**YOUR TASK:** With the images removed, write out every line below exactly.

**DATA SHOWN:**
########
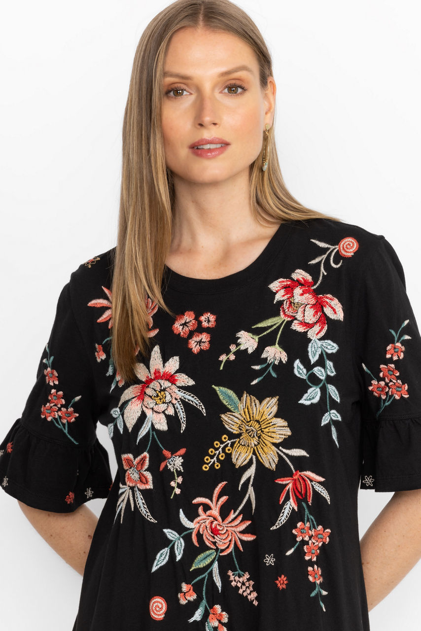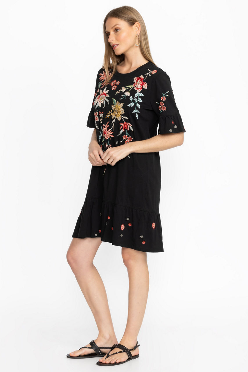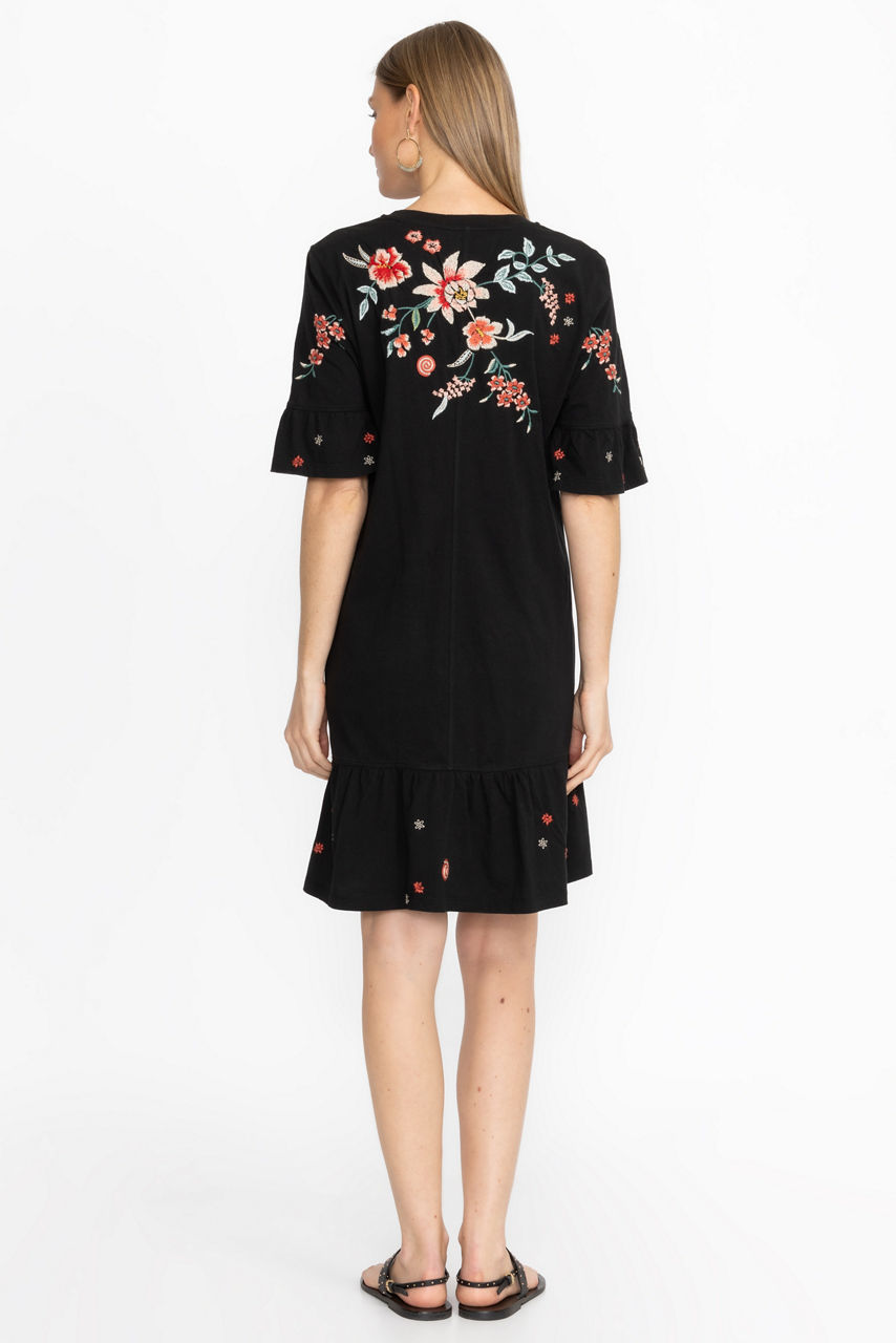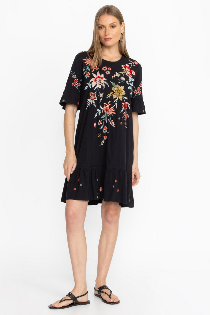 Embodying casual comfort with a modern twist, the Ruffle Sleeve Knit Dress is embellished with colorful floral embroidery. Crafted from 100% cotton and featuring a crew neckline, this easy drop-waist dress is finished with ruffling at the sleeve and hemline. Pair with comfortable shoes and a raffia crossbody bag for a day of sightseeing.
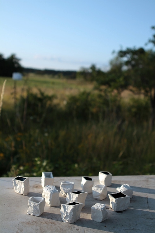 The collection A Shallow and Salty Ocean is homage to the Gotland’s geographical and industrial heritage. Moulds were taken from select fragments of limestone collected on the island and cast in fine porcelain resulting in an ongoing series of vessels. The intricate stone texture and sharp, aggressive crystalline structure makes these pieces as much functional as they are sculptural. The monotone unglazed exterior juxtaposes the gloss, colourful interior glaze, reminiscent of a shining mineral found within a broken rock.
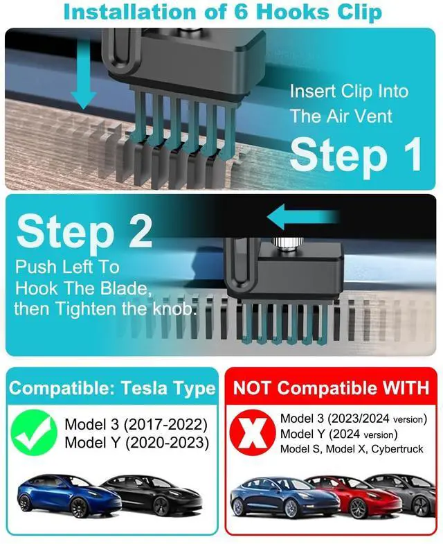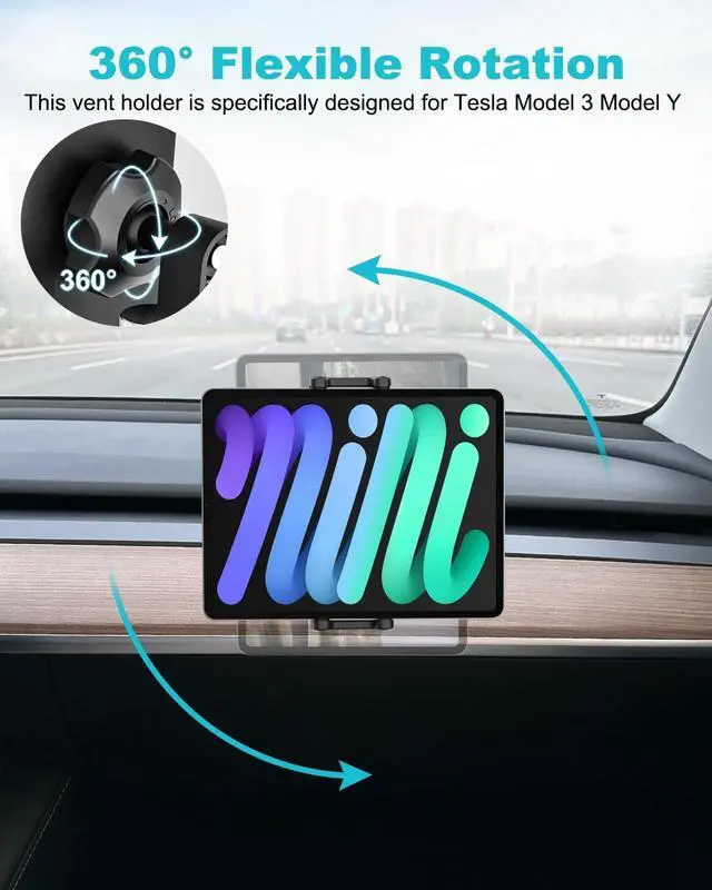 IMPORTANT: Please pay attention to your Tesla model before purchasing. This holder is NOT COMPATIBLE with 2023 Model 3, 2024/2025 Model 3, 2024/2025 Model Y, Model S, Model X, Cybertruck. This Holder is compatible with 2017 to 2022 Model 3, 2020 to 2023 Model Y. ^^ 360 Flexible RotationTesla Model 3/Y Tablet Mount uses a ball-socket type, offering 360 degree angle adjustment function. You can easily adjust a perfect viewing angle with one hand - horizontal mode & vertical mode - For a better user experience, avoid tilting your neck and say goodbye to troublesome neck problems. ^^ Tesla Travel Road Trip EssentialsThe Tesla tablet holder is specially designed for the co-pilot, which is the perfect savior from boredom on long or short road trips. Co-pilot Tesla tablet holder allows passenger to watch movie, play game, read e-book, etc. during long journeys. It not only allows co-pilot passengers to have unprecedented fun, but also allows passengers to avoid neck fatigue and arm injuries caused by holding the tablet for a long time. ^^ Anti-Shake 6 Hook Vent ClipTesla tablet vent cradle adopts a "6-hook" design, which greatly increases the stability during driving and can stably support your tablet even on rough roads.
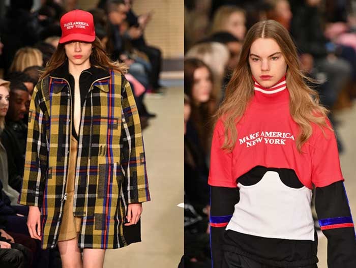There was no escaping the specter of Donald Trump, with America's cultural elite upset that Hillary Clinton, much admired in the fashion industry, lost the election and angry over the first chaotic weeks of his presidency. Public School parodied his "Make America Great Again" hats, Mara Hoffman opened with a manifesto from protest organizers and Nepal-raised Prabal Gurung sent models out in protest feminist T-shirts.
########
**OUTPUT BELOW:**
 Embodying casual comfort with a modern twist, the Ruffle Sleeve Knit Dress is embellished with colorful floral embroidery. Crafted from 100% cotton and featuring a crew neckline, this easy drop-waist dress is finished with ruffling at the sleeve and hemline. Pair with comfortable shoes and a raffia crossbody bag for a day of sightseeing.
 The collection A Shallow and Salty Ocean is homage to the Gotland’s geographical and industrial heritage. Moulds were taken from select fragments of limestone collected on the island and cast in fine porcelain resulting in an ongoing series of vessels. The intricate stone texture and sharp, aggressive crystalline structure makes these pieces as much functional as they are sculptural. The monotone unglazed exterior juxtaposes the gloss, colourful interior glaze, reminiscent of a shining mineral found within a broken rock.
 IMPORTANT: Please pay attention to your Tesla model before purchasing. This holder is NOT COMPATIBLE with 2023 Model 3, 2024/2025 Model 3, 2024/2025 Model Y, Model S, Model X, Cybertruck. This Holder is compatible with 2017 to 2022 Model 3, 2020 to 2023 Model Y. ^^ 360 Flexible RotationTesla Model 3/Y Tablet Mount uses a ball-socket type, offering 360 degree angle adjustment function. You can easily adjust a perfect viewing angle with one hand - horizontal mode & vertical mode - For a better user experience, avoid tilting your neck and say goodbye to troublesome neck problems. ^^ Tesla Travel Road Trip EssentialsThe Tesla tablet holder is specially designed for the co-pilot, which is the perfect savior from boredom on long or short road trips. Co-pilot Tesla tablet holder allows passenger to watch movie, play game, read e-book, etc. during long journeys. It not only allows co-pilot passengers to have unprecedented fun, but also allows passengers to avoid neck fatigue and arm injuries caused by holding the tablet for a long time. ^^ Anti-Shake 6 Hook Vent ClipTesla tablet vent cradle adopts a "6-hook" design, which greatly increases the stability during driving and can stably support your tablet even on rough roads.
There was no escaping the specter of Donald Trump, with America's cultural elite upset that Hillary Clinton, much admired in the fashion industry, lost the election and angry over the first chaotic weeks of his presidency. Public School parodied his "Make America Great Again" hats, Mara Hoffman opened with a manifesto from protest organizers and Nepal-raised Prabal Gurung sent models out in protest feminist T-shirts.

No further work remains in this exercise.